To find the number of possible values of the symmetric difference between two sets A and B, we first need to understand what symmetric difference means. The symmetric difference of two sets, denoted as A Δ B, consists of elements that are in either A or B, but not in both. Mathematically, it can be expressed as:
Definition of Symmetric Difference
A Δ B = (A - B) ∪ (B - A)
This means we take all elements that are unique to A and all elements that are unique to B.
Understanding Set Sizes
Given the sizes of the sets, we have:
- n(A) = 15 (meaning A has 15 elements)
- n(B) = 25 (meaning B has 25 elements)
Calculating the Symmetric Difference
The size of the symmetric difference can be calculated using the formula:
n(A Δ B) = n(A) + n(B) - 2n(A ∩ B)
Here, n(A ∩ B) represents the number of elements that are common to both sets A and B. The value of n(A ∩ B) can range from 0 (if A and B have no elements in common) to the minimum of n(A) and n(B), which is 15 in this case (if all elements of A are in B).

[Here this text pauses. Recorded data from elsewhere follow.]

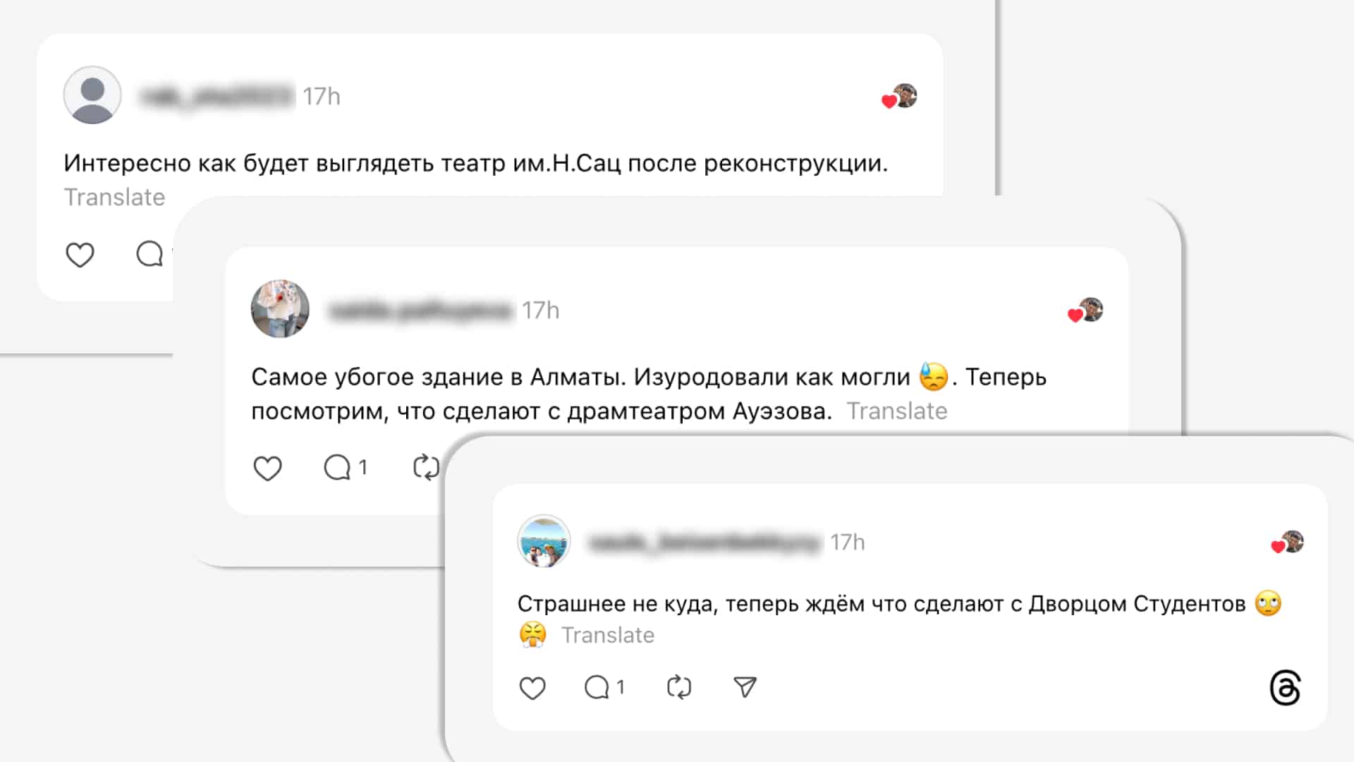 Другие же ценители старого облика города боятся, что такая же участь ждет другие знаковые здания Алматы. Сейчас в городе одновременно ремонтируют два театра: ТЮЗ им. Н. Сац и драмтеатр им. Ауэзова. Оба регулярно попадают в СМИ из-за возмущений алматинцев.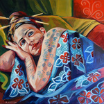2017Kleurrijke dame. Letterlijk en figuurlijk. Geschilderd in kimono met focus op markante tattoes.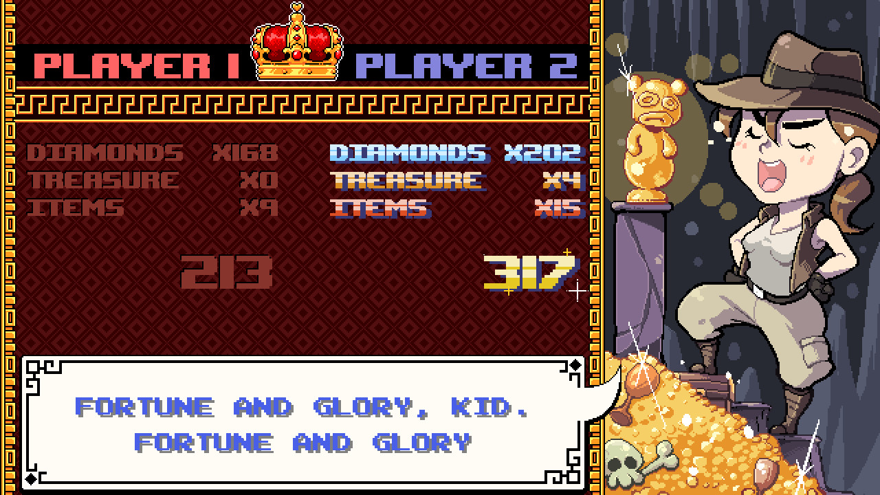 ALL-STARS DUNGEONS AND DIAMONDS (ASDAD for short) is a competitive Arcade-style game where two players face each other in a diamond-collecting race. The player with the largest number of gems at the end of the round wins. Things quickly become more complicated, though, as collecting diamonds will reveal items buried underground that will grant players the ability to attack the opponent or obtain temporary boosts that will help them win the race.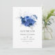 Vintage vattenfärg blomsterbröllopsinvitation med trendig kunglig blå och silver designad för att snabbt och enkelt anpassas till dina specifikationer. Perfekt för alla teman eller trädgårdsbröllop.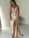 Sparkly Champagne V-neck Side Slit Long Prom Dress, Evening Dress, PD37698

Range of Symmetric Difference
Now, let's explore the possible values of n(A Δ B) based on the range of n(A ∩ B):
- If n(A ∩ B) = 0: n(A Δ B) = 15 + 25 - 2(0) = 40
- If n(A ∩ B) = 1: n(A Δ B) = 15 + 25 - 2(1) = 38
- If n(A ∩ B) = 2: n(A Δ B) = 15 + 25 - 2(2) = 36
- If n(A ∩ B) = 3: n(A Δ B) = 15 + 25 - 2(3) = 34
- If n(A ∩ B) = 4: n(A Δ B) = 15 + 25 - 2(4) = 32
- If n(A ∩ B) = 5: n(A Δ B) = 15 + 25 - 2(5) = 30
- If n(A ∩ B) = 6: n(A Δ B) = 15 + 25 - 2(6) = 28
- If n(A ∩ B) = 7: n(A Δ B) = 15 + 25 - 2(7) = 26
- If n(A ∩ B) = 8: n(A Δ B) = 15 + 25 - 2(8) = 24
- If n(A ∩ B) = 9: n(A Δ B) = 15 + 25 - 2(9) = 22
- If n(A ∩ B) = 10: n(A Δ B) = 15 + 25 - 2(10) = 20
- If n(A ∩ B) = 11: n(A Δ B) = 15 + 25 - 2(11) = 18
- If n(A ∩ B) = 12: n(A Δ B) = 15 + 25 - 2(12) = 16
- If n(A ∩ B) = 13: n(A Δ B) = 15 + 25 - 2(13) = 14
- If n(A ∩ B) = 14: n(A Δ B) = 15 + 25 - 2(14) = 12
- If n(A ∩ B) = 15: n(A Δ B) = 15 + 25 - 2(15) = 10
Possible Values
The possible values of n(A Δ B) can be 10, 12, 14, 16, 18, 20, 22, 24, 26, 28, 30, 32, 34, 36, 38, and 40. These values range from 10 to 40 in steps of 2, which means there are a total of:
(40 - 10) / 2 + 1 = 16 possible values.
Thus, the number of possible values for the symmetric difference of sets A and B is 16.